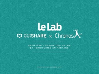 Le document présente le lab Ouishare x Chronos, qui accompagne les acteurs des villes et territoires dans l'innovation de services en analysant les usages émergents et en créant des alliances entre collectivités, entreprises, et citoyens. Il met l'accent sur la prospective et l'évaluation des impacts des technologies numériques, tout en organisant des événements et des analyses stratégiques pour éclairer les enjeux contemporains. Le lab œuvre également à la diffusion des connaissances et à la valorisation des pratiques collaboratives au sein des écosystèmes locaux et internationaux.
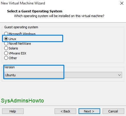 5. Choose Linux as a Guest Operating System and choose Ubuntu version.
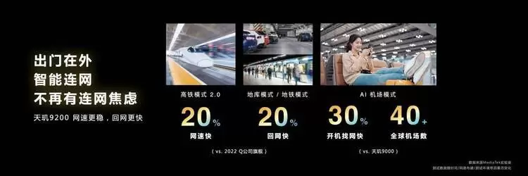 在各种差旅或旅行的场景中,难免会碰到5G信号覆盖不全、信号被遮挡等情况。天玑9200集成的5G调制解调器可结合AI人工智能技术,提供5G智能出行体验,包括高铁模式2.0、地库模式/地铁模式、AI机场模式,支持全球40余个机场。通过5G智能出行模式,天玑 9200实现了“找网快、回网快、网速快”,用户不管身处何地,都能畅享5G网络连接,彻底解决了“连网焦虑”。
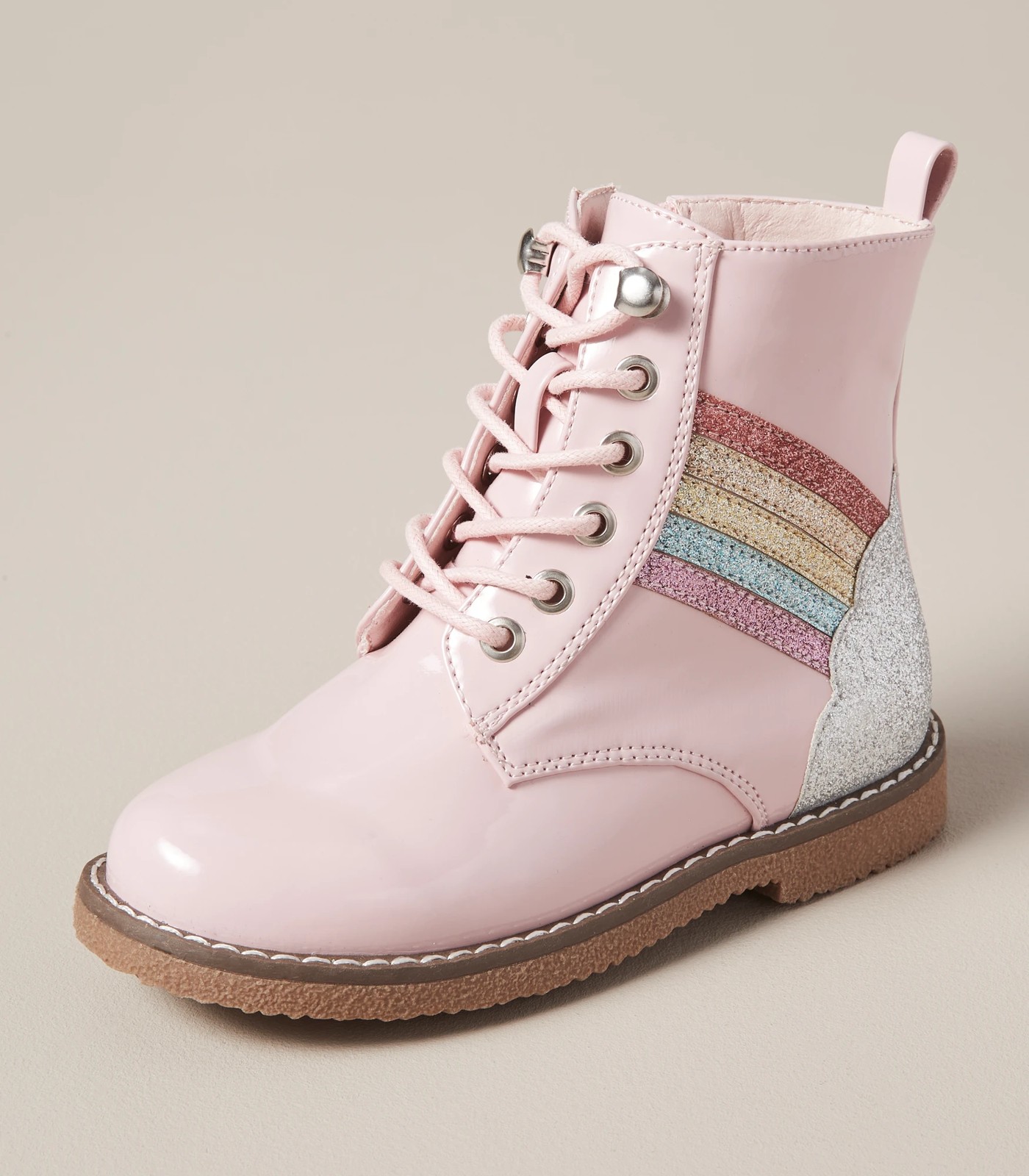 A great coverup shoe for the wintery months, the junior patent lace up boots has a great glittery rainbow detail on the outer, has a shiny patent leather outer and a lace up front.
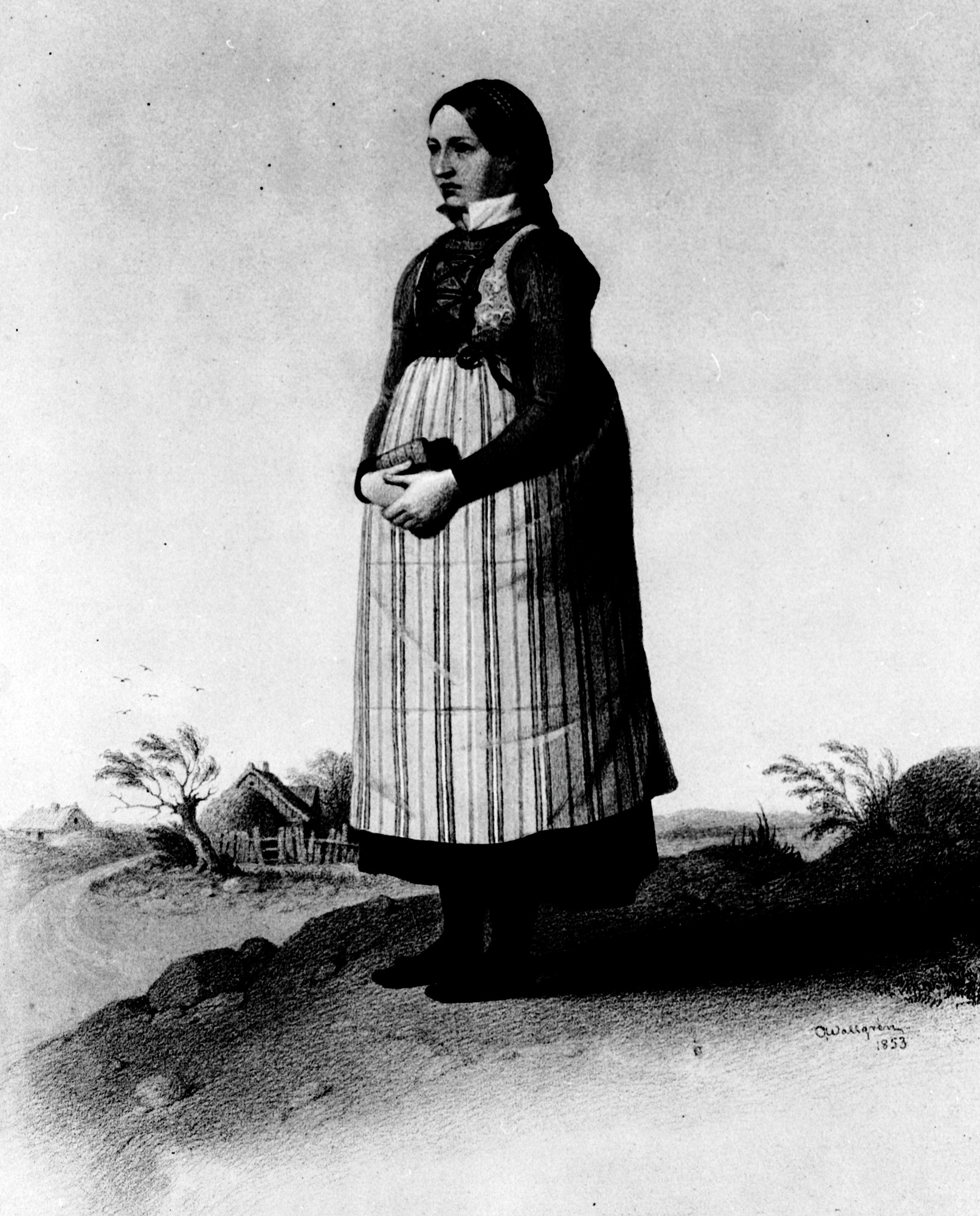 • Otto Wallgren "Skånska allmogens klädedräkter". Kvinna, Torna Härad.
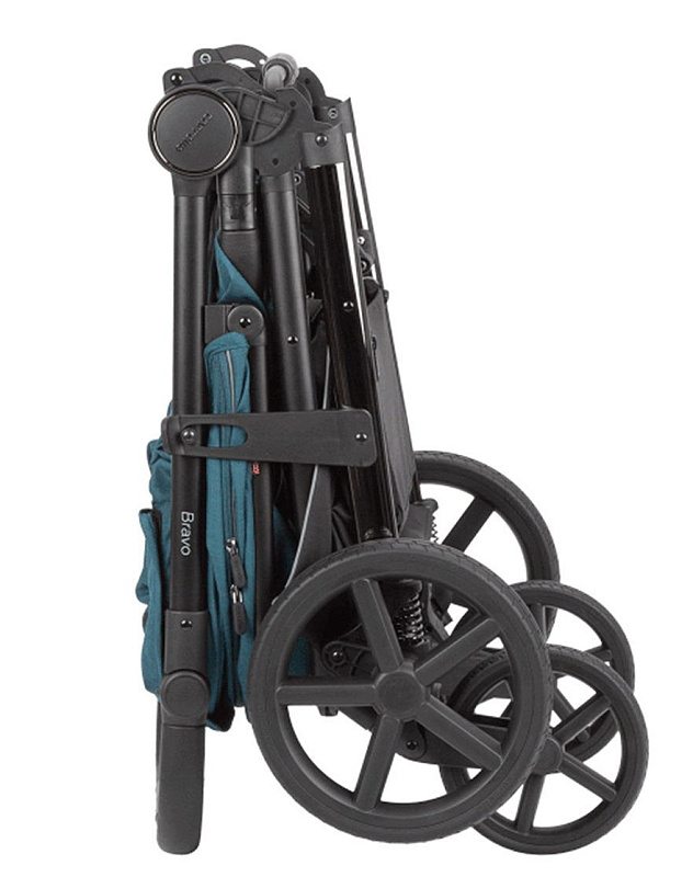 Чтобы сложить коляску, достаточно снять предохранитель, направить ручку вперёд и поднять Bravo за специальную ручку.
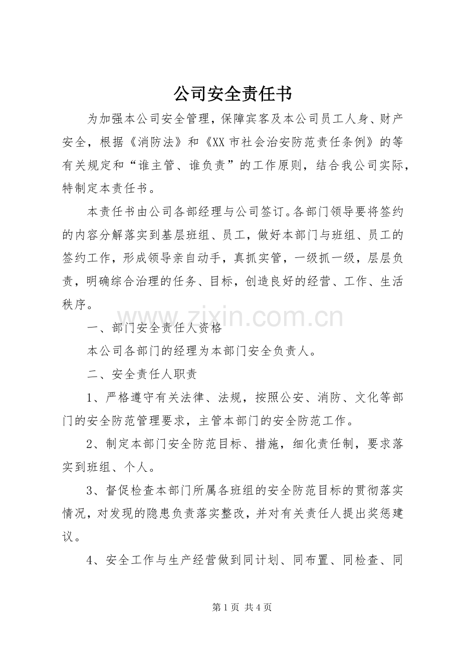 为加强本公司安全管理,保障宾客及本公司员工人身、财产安全,根据《消防法》和《XX市社会治安防范责任条例》的等有关规定和“谁主管、谁负责”的工作原则,结合我公司实际,特制定本责任书。
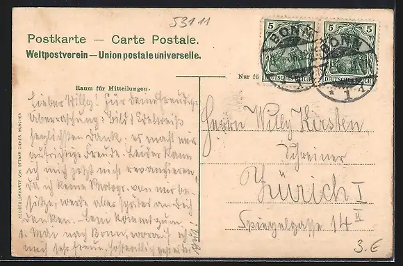 alte Ansichtskarte, gelaufen 1908, guter Zustand

· · · · ·

TASK DIRECTIONS -> Only the lines from the first line of the listing above through the line with "Kvinna, Torna Härad." should be set down, exactly and without pictures.

EXERCISE OUTPUT ->
 Le document présente le lab Ouishare x Chronos, qui accompagne les acteurs des villes et territoires dans l'innovation de services en analysant les usages émergents et en créant des alliances entre collectivités, entreprises, et citoyens. Il met l'accent sur la prospective et l'évaluation des impacts des technologies numériques, tout en organisant des événements et des analyses stratégiques pour éclairer les enjeux contemporains. Le lab œuvre également à la diffusion des connaissances et à la valorisation des pratiques collaboratives au sein des écosystèmes locaux et internationaux.
 5. Choose Linux as a Guest Operating System and choose Ubuntu version.
 在各种差旅或旅行的场景中,难免会碰到5G信号覆盖不全、信号被遮挡等情况。天玑9200集成的5G调制解调器可结合AI人工智能技术,提供5G智能出行体验,包括高铁模式2.0、地库模式/地铁模式、AI机场模式,支持全球40余个机场。通过5G智能出行模式,天玑 9200实现了“找网快、回网快、网速快”,用户不管身处何地,都能畅享5G网络连接,彻底解决了“连网焦虑”。
 A great coverup shoe for the wintery months, the junior patent lace up boots has a great glittery rainbow detail on the outer, has a shiny patent leather outer and a lace up front.
 • Otto Wallgren "Skånska allmogens klädedräkter". Kvinna, Torna Härad.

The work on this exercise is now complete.